There is a lot of thought that goes behind taking care of a dog or cat. This is why as a kid, your parent(s) were reluctant to get a pet. Your dog is like your family member, which is why you need to take care of and look after them.
Welcoming a pet into your home is not to be taken lightly, whether it is a cat or any other animal. Today, dogs and cats are considered full-fledged members of the family. You have a pet, or you wish to have one. So, without further ado, let’s dive into this blog and learn some of the things you ought to know about taking care of your pets.
1. Meet his physical and mental needs
The needs vary according to each dog. They depend on the age and the state of health but also on the character and the breed. A dog can have the best food in the world, be spoiled with toys and have the latest harness, but he will be unhappy if you don’t consider his needs, which are important for his mental and physical balance.

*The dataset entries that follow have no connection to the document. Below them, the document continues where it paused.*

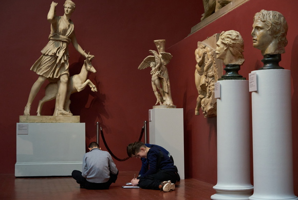 К сожалению, в этот раз участников было меньше: шесть человек заболели (но мы надеемся, скоро поправятся и наверстают упущенное!). Оставшиеся ребята, как и в прошлый раз, работали тремя группами. Участники группы «Живопись» на теоретической части изучали узоры на греческих вазах, а потом декорировали собственную вазу. Группа «Гравюра» изучала, а потом зарисовывала греческих богов – это заняло так много времени, что изготовление гравюры на основе рисунка отложили до следующего занятия. А группа скульпторов лепила из глины птиц. Все без исключения ребята остались довольны.
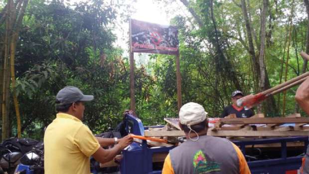 Se pegaron letreros de concientización a la comunidad por parte de Proyecto Huallaga, además de por parte de los artistas, miembros del colectovo SIMBIOSIS.
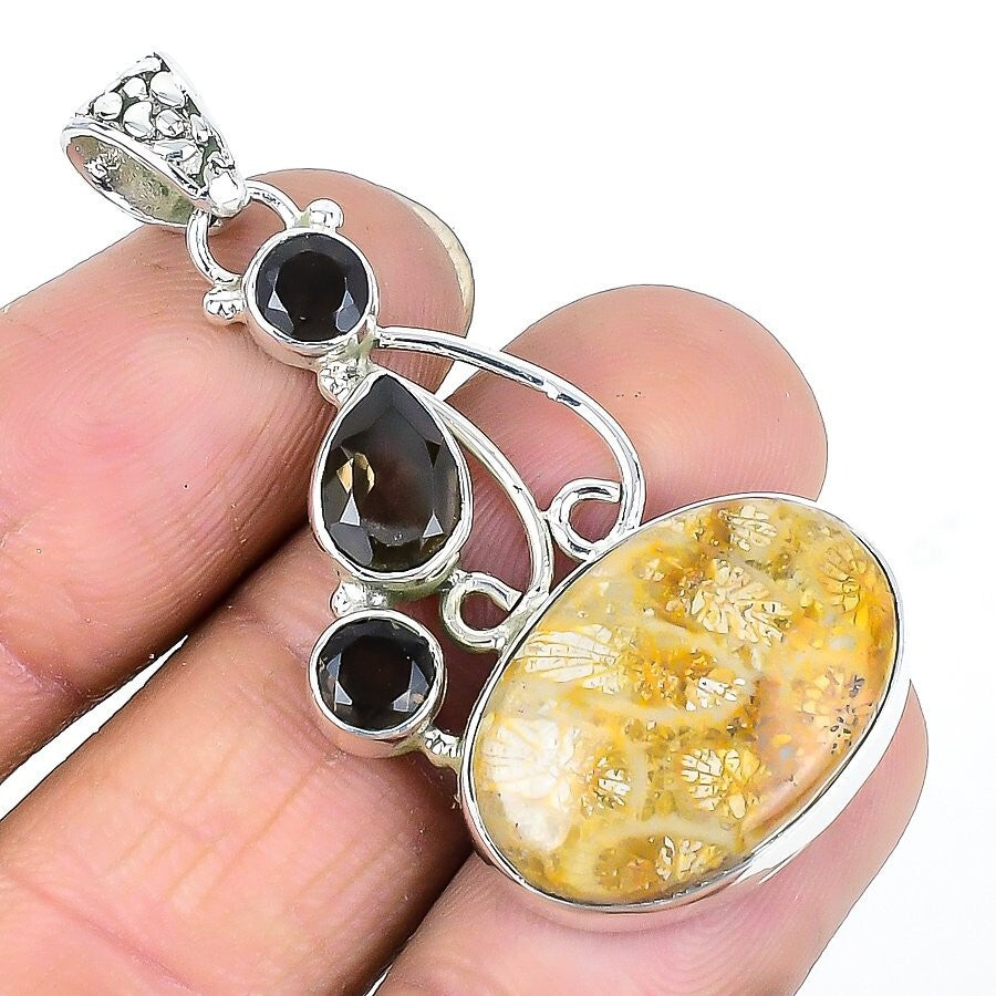 Fossil Coral Gemstone 925 Sterling Silver Daughter Birthday Boho Pendant Jewelry
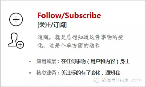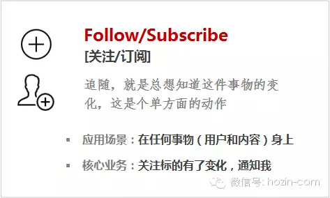 追随,就是总想知道这件事物的变化,这是个单方面的动作,同义词是订阅Subscribe
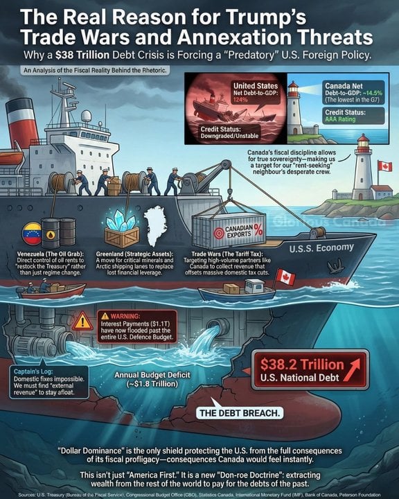 - Trade Extraction: Because Canada is a high-volume trade partner with manageable debt, the U.S. views Canadian exports as a lucrative "tax base" that can be tapped through aggressive tariffs to offset its own domestic shortfall (U.S. Department of Commerce).
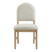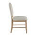 Add a touch of rustic elegance to your dining space with this beautifully crafted upholstered dining side chair. Featuring a solid wood frame with a wire-brushed power glaze natural finish, this chair highlights the wood's natural texture and grain. The comfortable beige textured fabric upholstered back and seat cushion provide a cozy and inviting seating experience. Designed for both style and durability, this chair supports up to 250lbs, making it a reliable choice for everyday use. Its versatile design and neutral color palette effortlessly blend with various interior styles, making it a perfect addition to your dining room or kitchen.

A puppy will not have the same needs as an adult dog, just as a Chihuahua will not have the same needs as a German Shepherd. Taking good care of your dog means knowing it well and being well informed about its aptitudes and requirements. Also, in case of behavioral problems or a recalcitrant dog, you should not hesitate to turn to a professional (dog trainer, behaviorist, etc.)
2. Take care of his diet
The range of dog food available is becoming more and more diversified. Dry or wet food, with or without cereals, is adapted to the age and activity of the dog; the choice is vast.
There are two principles to keep in mind in order not to get lost in this area: meet the dog’s protein needs, as these are the nutrients that are essential for the proper functioning of his body, and make sure that the food given is suitable for him (well-formed stools, good digestion, etc.). If the qualities and composition convince you of a brand of food, but your dog does not tolerate it well (soft stools, digestive problems, intestinal gas, etc.), it is because it is not suitable.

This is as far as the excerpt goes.